- [DATA PROVIDED]:
········
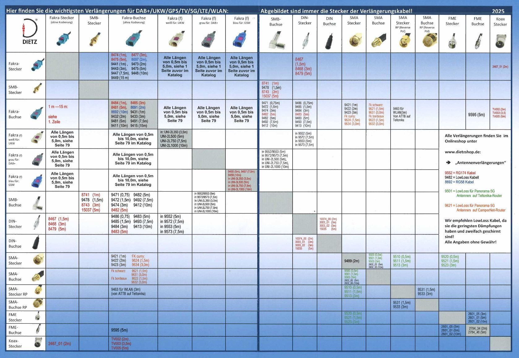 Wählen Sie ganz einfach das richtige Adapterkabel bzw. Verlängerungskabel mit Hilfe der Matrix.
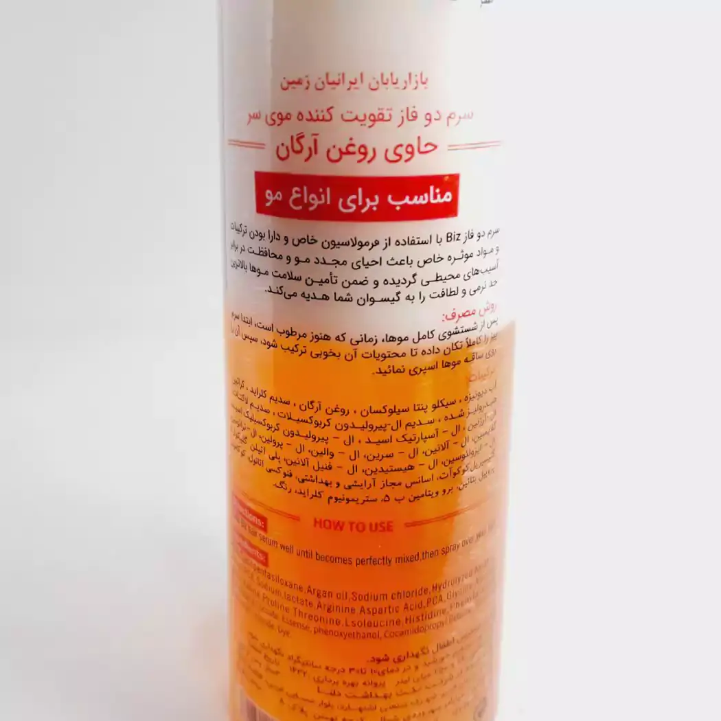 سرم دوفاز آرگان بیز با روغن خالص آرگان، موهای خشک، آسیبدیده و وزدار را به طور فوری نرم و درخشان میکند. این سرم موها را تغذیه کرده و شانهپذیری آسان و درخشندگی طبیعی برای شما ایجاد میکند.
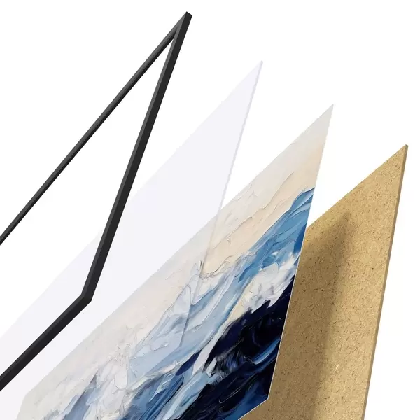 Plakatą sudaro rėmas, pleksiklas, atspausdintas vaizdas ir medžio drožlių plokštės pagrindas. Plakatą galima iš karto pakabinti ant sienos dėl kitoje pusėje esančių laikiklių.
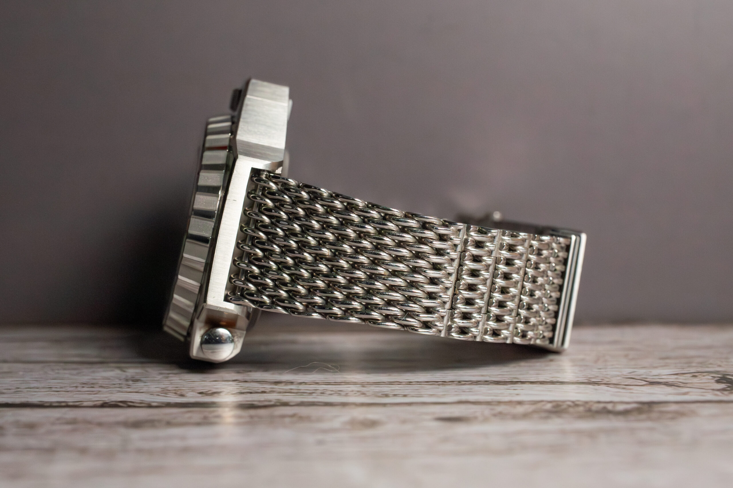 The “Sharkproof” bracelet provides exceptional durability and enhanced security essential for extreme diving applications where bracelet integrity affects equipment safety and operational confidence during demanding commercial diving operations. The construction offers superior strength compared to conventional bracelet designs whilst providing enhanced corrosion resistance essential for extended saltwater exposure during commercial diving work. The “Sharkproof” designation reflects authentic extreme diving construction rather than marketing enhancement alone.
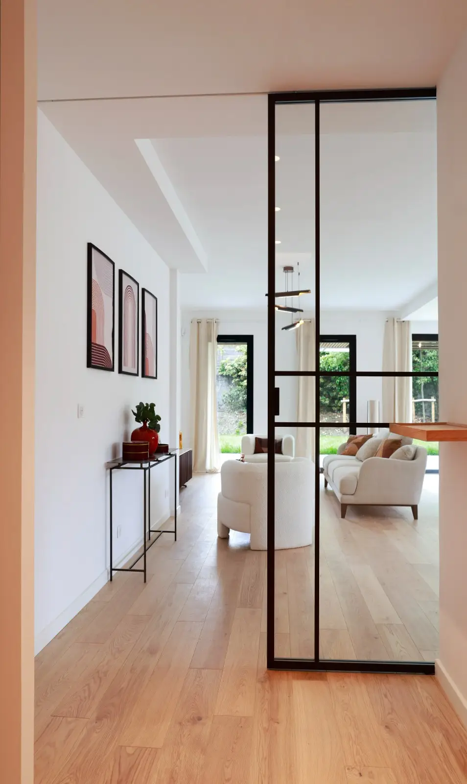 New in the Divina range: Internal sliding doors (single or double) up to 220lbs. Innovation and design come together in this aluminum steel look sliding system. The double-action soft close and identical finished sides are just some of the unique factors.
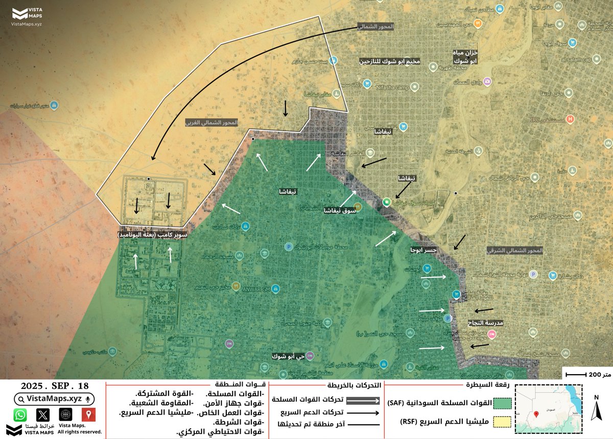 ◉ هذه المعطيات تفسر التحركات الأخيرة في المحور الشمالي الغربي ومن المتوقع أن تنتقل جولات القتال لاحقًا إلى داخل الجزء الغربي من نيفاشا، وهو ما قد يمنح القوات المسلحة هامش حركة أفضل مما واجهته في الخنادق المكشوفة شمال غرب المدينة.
········
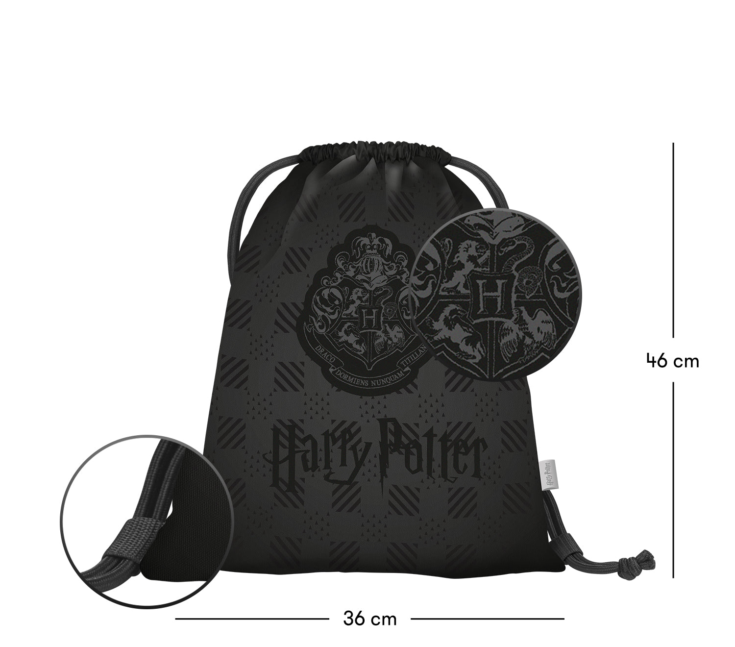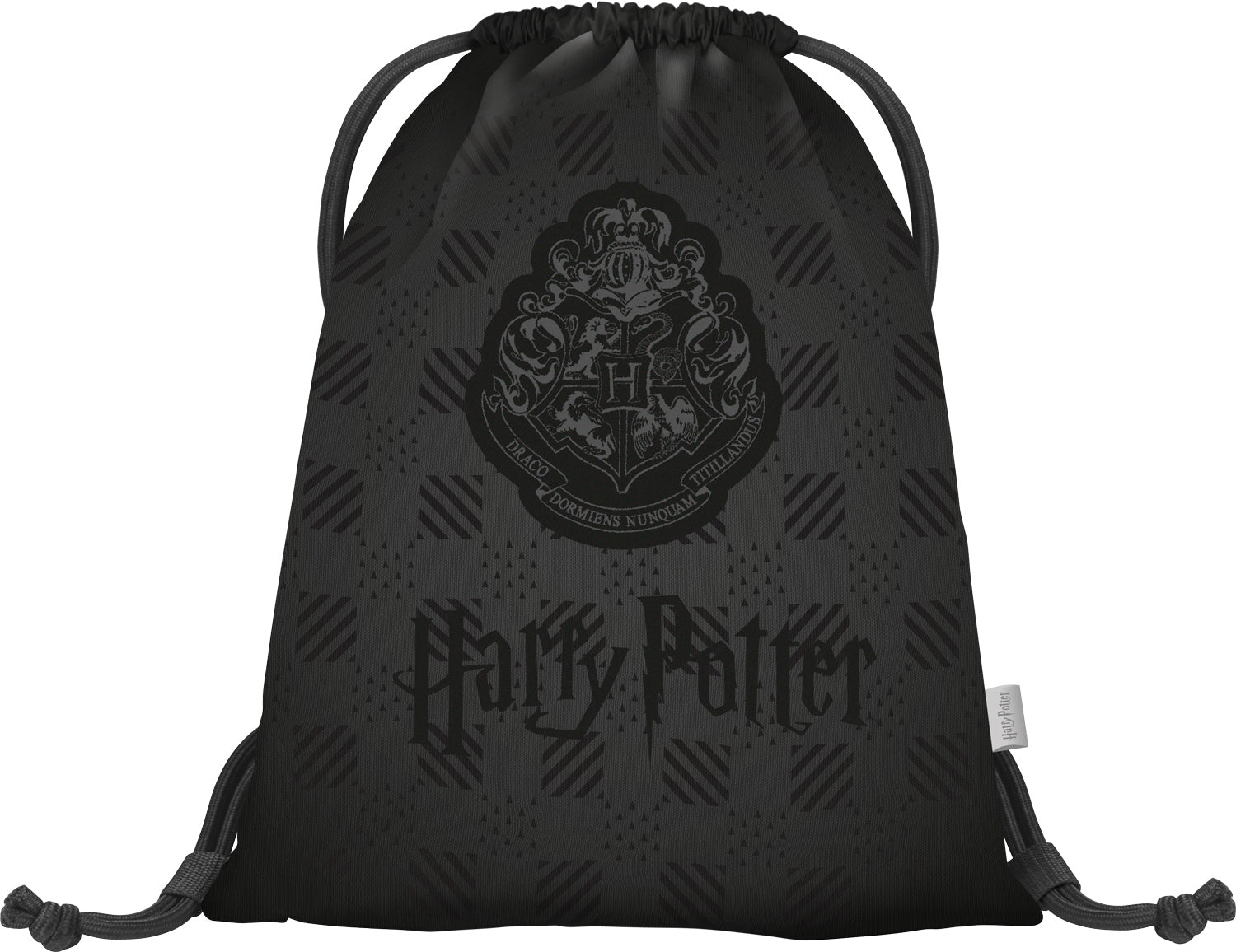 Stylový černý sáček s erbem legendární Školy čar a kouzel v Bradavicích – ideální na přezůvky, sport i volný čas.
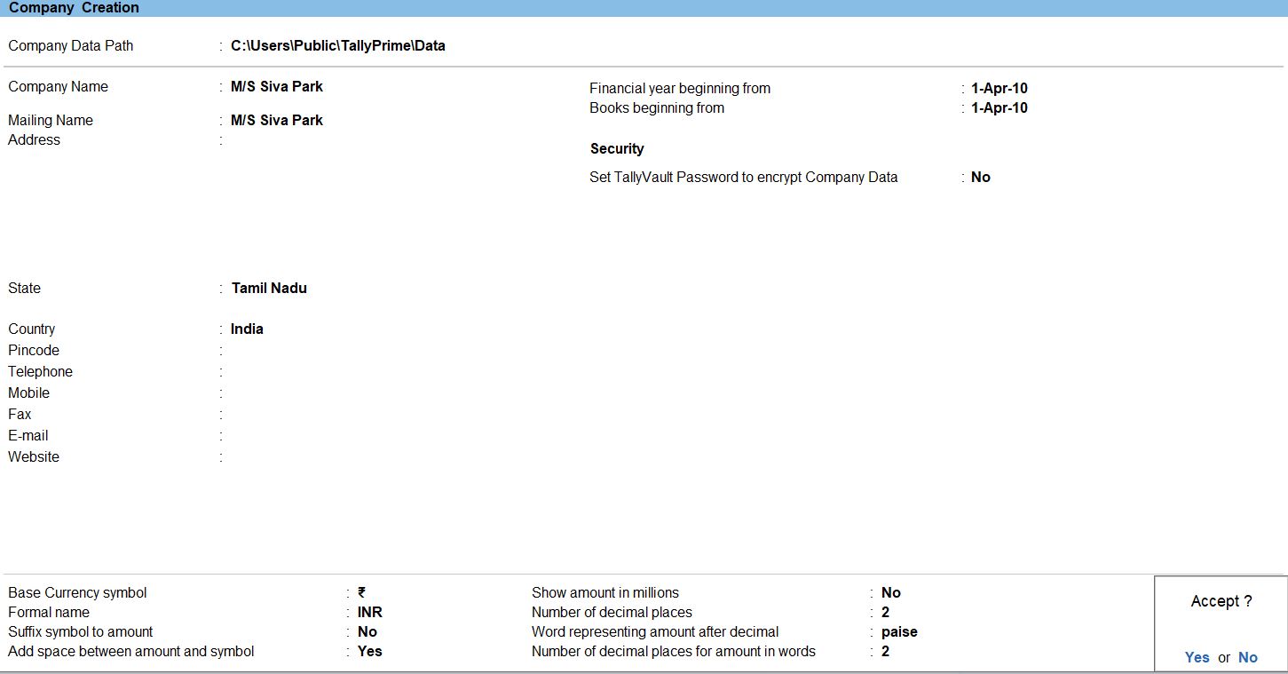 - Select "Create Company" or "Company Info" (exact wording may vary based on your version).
········
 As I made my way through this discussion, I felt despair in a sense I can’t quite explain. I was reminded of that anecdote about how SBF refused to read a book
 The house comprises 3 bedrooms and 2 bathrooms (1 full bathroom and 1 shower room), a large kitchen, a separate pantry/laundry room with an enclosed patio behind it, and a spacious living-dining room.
········
- [PROBLEM]: Look above for the line containing "Stylový černý sáček" and the line containing "on your version).", then reproduce both and everything between them exactly, pictures omitted.

- [COMPLETED EXERCISE]:
 Stylový černý sáček s erbem legendární Školy čar a kouzel v Bradavicích – ideální na přezůvky, sport i volný čas.
 - Select "Create Company" or "Company Info" (exact wording may vary based on your version).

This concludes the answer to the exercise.